The fix to this issue that was engineered by OPEC+’s twin giants Saudi Arabia and Russia was to raise quotas for all members from May 2022 through to the new expiration date for the supply deal in September 2022. So the UAE will see its baseline quota, the number by which its output compliance is calculated, rise by 330,000 b/d to 3.5 mmb/d. That’s a 10% increase, which will assuage Abu Dhabi’s itchiness to put the expensive crude output infrastructure it has invested billions in since 2016 to good use. But while the UAE’s hike was greater than some others, Saudi Arabia and Russia took the opportunity to award themselves (at least in terms of absolute numbers) by raising their own quotas by 500,000 b/d to 11.5 mmb/d each.
On the surface, that seems academic. Saudi Arabia has only pumped that much oil on a handful of occasions, while Russia’s true capacity is pegged at some 10.4 mmb/d.
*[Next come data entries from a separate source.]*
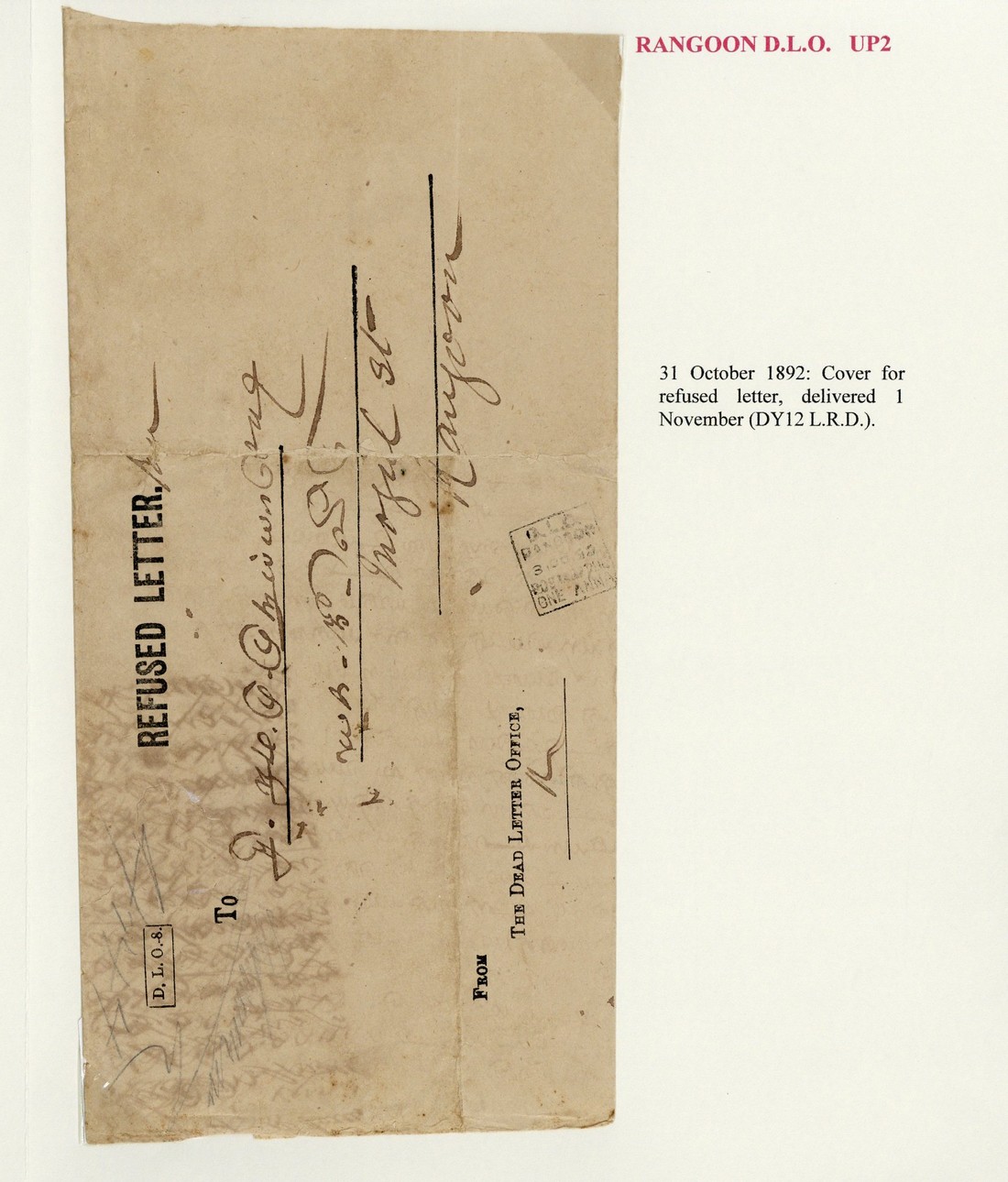 1892 (31 Oct.) "refused letter" envelope from the Dead Letter Office addressed locally, showing boxed "d.l.o./rangoon/postage due/one anna" d.s. for 3 November (Type UP2, the only recorded example); some creases/folds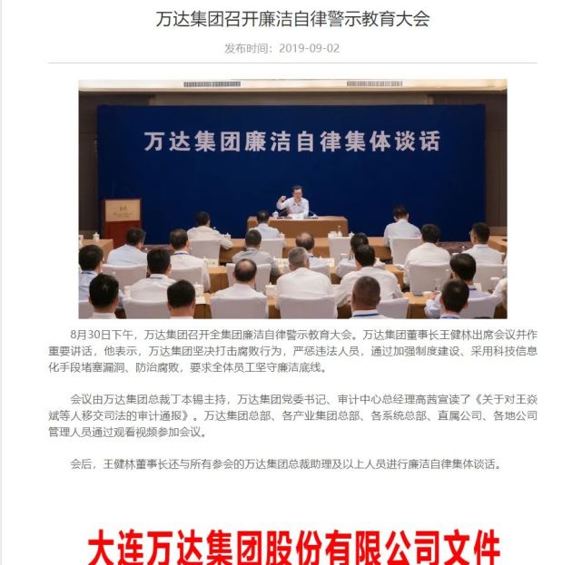 此次并非首次,万达高管受贿。2019年8月30日,万达集团发布了《关于对王焱斌等人移交司法的审计通报》。万达集团并于同日召开了全集团廉洁自律警示教育大会。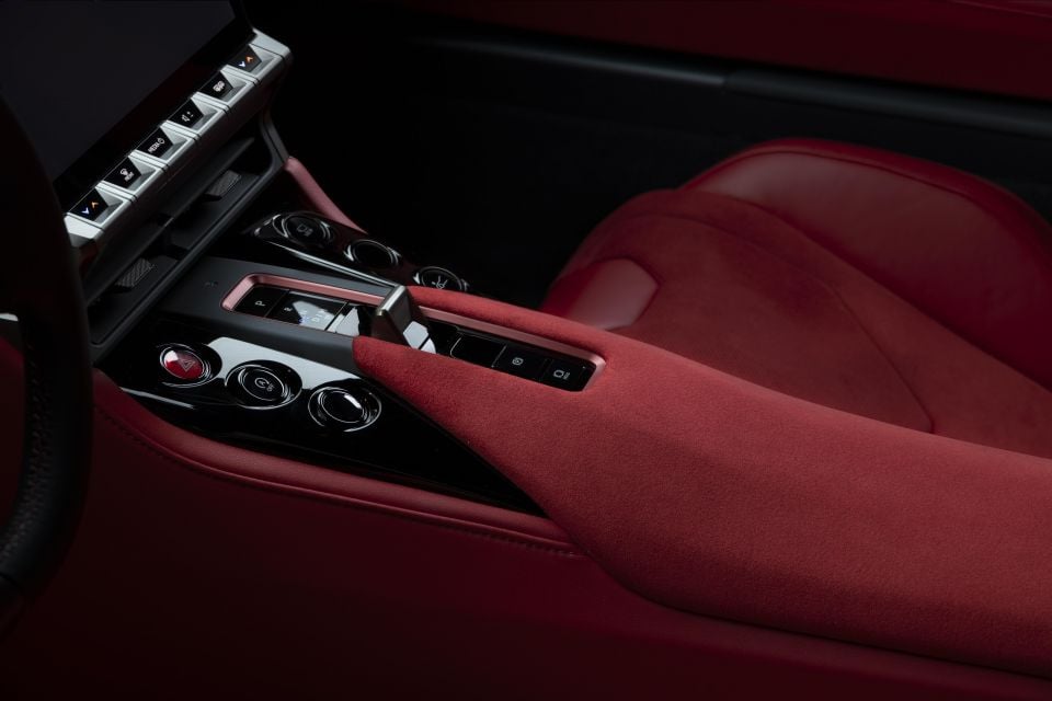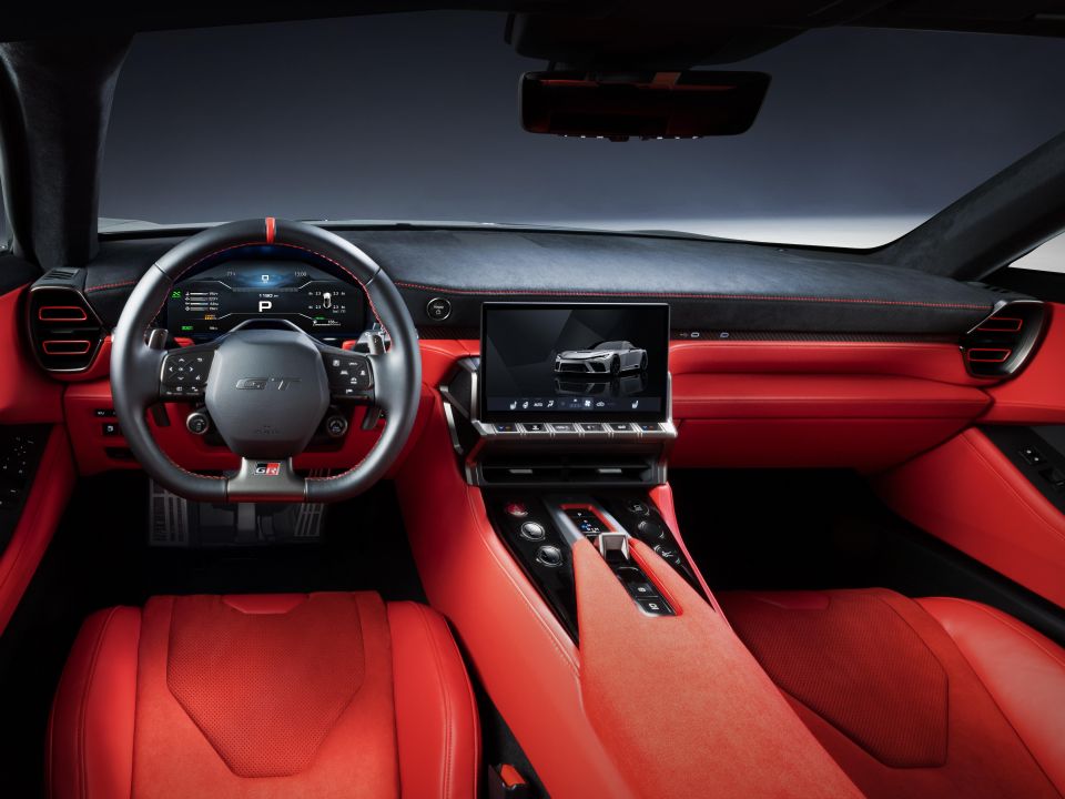 The cabin reflects meticulous attention to achieving an ideal driving position, and is finished in red leather. It features a flat-bottom GR steering wheel with red stitching, behind which sits a pair of paddle shifters and a unique digital instrument cluster.

But the additional generous headroom offered by these larger numbers means that Riyadh and Moscow will have more leeway to react to market fluctuations in 2022, which at this point remains murky. Because while there is consensus that more crude oil will be needed in 2022, there is no consensus on what that number should be. The US EIA is predicting that OPEC+ should be pumping an additional 4 million barrels collectively from June 2021 levels in order to meet demand in the first half of 2022. However, OPEC itself is looking at a figure of some 3 mmb/d, forecasting a period of relative weakness that could possibly require a brief tightening of quotas if the new delta-driven Covid surge erupts into another series of crippling lockdowns. The IEA forecast is aligned with OPEC’s, with an even more cautious bent.
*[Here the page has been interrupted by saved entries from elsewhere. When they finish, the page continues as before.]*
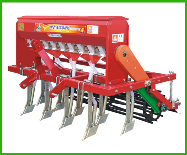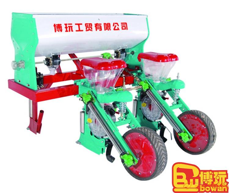 该机与小四轮拖拉机配套使用,采用后置双轴三点悬挂,得用液压升降,排种装置由地轮驱动,使用方便。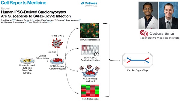 COVID-19 has caused the hospitalization of hundreds of thousands of people worldwide. Patients show lung symptoms, including cough, and shortness of breath. However, COVID-19 could also cause heart problems such as rhythm problems and heart failure. Heart injury is associated with increased risk of death. It is worth studying whether the virus can directly infect the heart. This will help develop new therapies against COVID-19. Investigators made human heart cells in a dish from stem cells and used these cells to show that human heart cells can be directly infected by the coronavirus. Investigators also developed a drug screening system that can identify new drugs against COVID-19. They detected key proteins involved in pathways critical to SARS-CoV-2 infection and demonstrated potent antiviral activity using berzosertib. In summary, this study helped to understand the mechanisms of SARS-CoV-2 infection, and to develop novel antiviral approaches for alleviating COVID-19.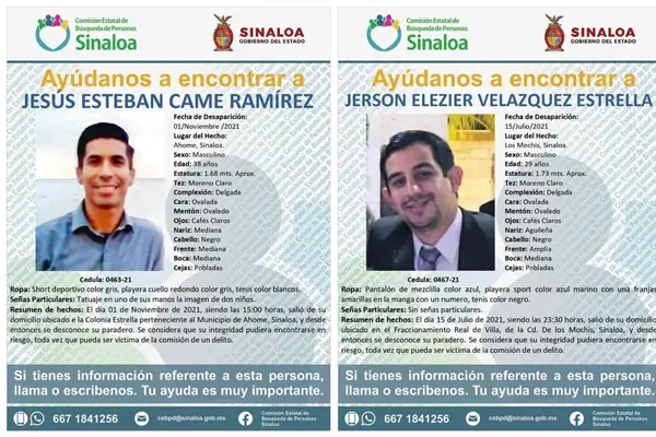 Para ambos casos, la Comisión Estatal de Búsqueda de Personas en Sinaloa emitió una ficha para dar con los paraderos, para cualquier información se proporcionó el teléfono 667 184 1256.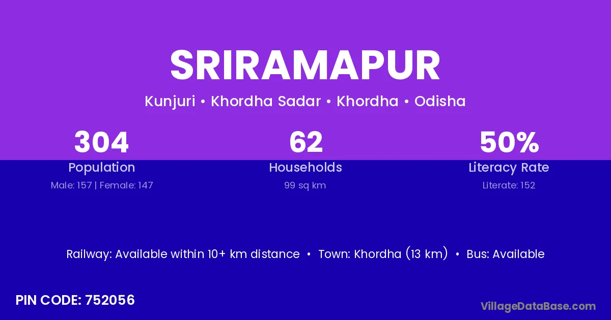 Khordha (13 km) is the nearest town to Sriramapur village for major economic activities and is located approximately 13 km away.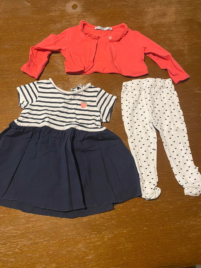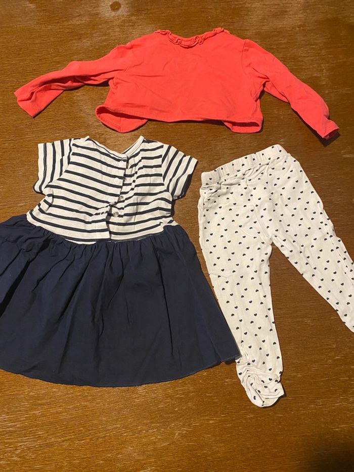 Ensemble robe + legging + gilet blanc, marine et rouge orangé 6 mois marque fashion private company, en très bon état #vetement6moisVero66xx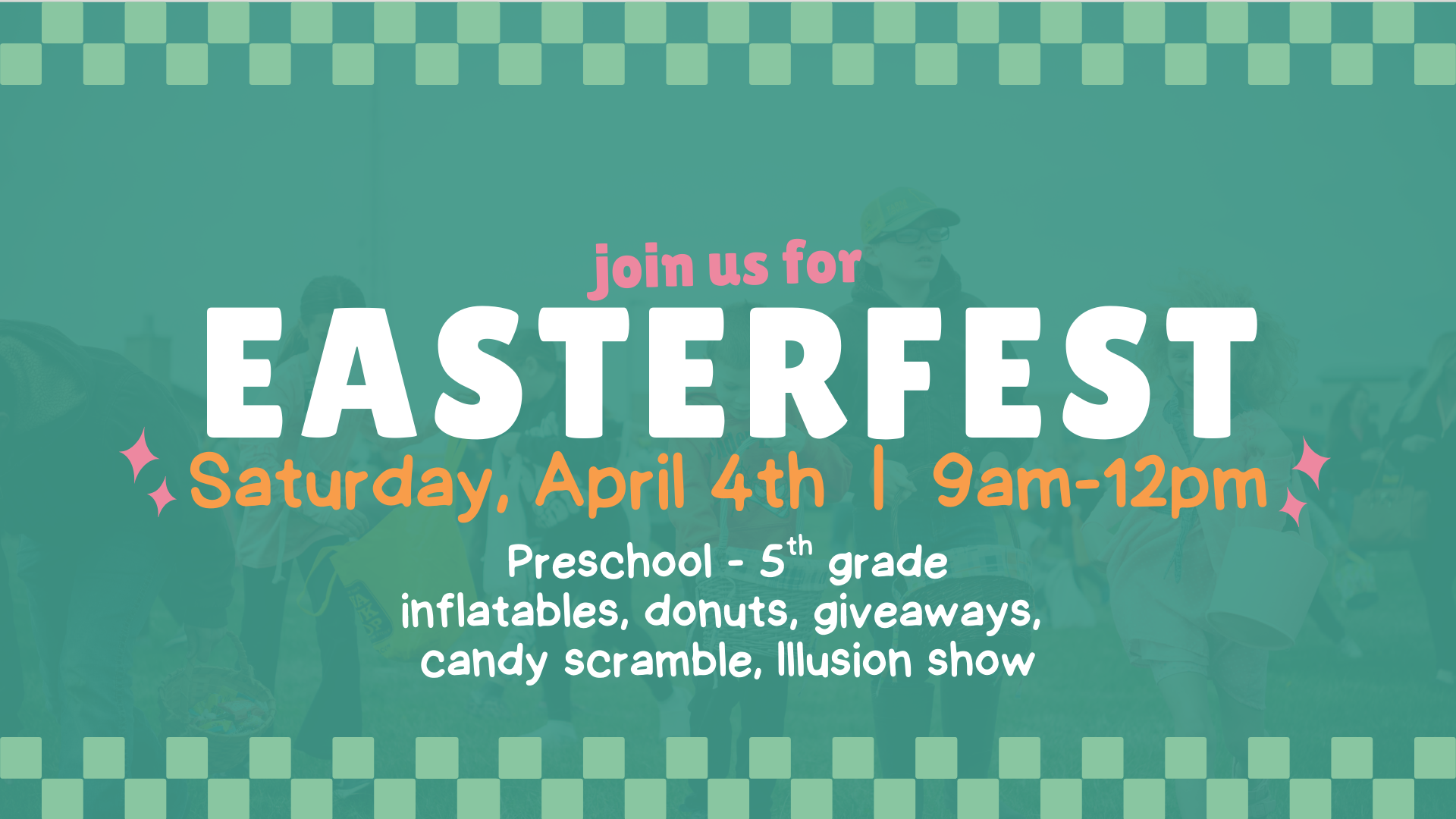 Join us for a family fun day as we celebrate Jesus! Kids preschool to 5th grade will enjoy inflatables, donuts, give aways, the candy scramble, and an illusion show!

But at some point with the supply pathway from August to December set in stone, although OPEC+ has been careful to say that it may continue to make adjustments to this as the market develops, the issues of headline quota numbers fades away, while compliance rises to prominence. Because the success of the OPEC+ deal was not just based on its huge scale, but also the willingness of its 23 members to comply to their quotas. And that compliance, which has been the source of major frustrations in the past, has been surprisingly high throughout the pandemic. Even in May 2021, the average OPEC+ compliance was 85%. Only a handful of countries – Malaysia, Bahrain, Mexico and Equatorial Guinea – were estimated to have exceeded their quotas, and even then not by much. But compliance is easier to achieve in an environment where demand is weak. You can’t pump what you can’t sell after all. But as crude balances rapidly shift from glut to gluttony, the imperative to maintain compliance dissipates.
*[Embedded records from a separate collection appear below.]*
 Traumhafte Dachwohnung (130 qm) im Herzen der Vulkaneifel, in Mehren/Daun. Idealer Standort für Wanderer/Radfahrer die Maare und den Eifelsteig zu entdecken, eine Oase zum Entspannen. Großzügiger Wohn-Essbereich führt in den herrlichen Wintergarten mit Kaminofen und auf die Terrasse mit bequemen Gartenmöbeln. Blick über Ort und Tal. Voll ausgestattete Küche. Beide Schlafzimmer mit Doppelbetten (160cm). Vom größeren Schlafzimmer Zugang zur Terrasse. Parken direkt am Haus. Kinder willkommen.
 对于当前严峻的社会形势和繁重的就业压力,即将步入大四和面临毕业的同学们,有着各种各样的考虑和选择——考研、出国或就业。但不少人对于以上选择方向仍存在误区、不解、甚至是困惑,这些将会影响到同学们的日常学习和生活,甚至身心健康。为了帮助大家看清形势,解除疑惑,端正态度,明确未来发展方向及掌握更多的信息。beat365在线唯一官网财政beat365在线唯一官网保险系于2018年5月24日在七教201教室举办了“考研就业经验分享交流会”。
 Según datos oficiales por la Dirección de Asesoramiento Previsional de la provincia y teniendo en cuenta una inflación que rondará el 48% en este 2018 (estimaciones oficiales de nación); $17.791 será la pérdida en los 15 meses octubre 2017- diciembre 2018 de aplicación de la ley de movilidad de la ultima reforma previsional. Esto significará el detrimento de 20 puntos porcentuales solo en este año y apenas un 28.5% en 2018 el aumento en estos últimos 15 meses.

For now, OPEC+ has managed to placate the market with its ability to corral its members together to set some certainty for the immediate future of crude. Brent crude prices have now been restored above US$70/b, with WTI also climbing. The spat between Saudi Arabia and the UAE may have surprised and shocked market observers, but there is still unity in the club. However, that unity is set to be tested. By the end of 2021, the focus of the OPEC+ supply deal will have shifted from theoretical quotas to actual compliance. Abu Dhabi has managed to lift the tide for all OPEC+ members, offering them more room to manoeuvre in a recovering market, but discipline will not be uniform. And that’s when the fireworks will really begin.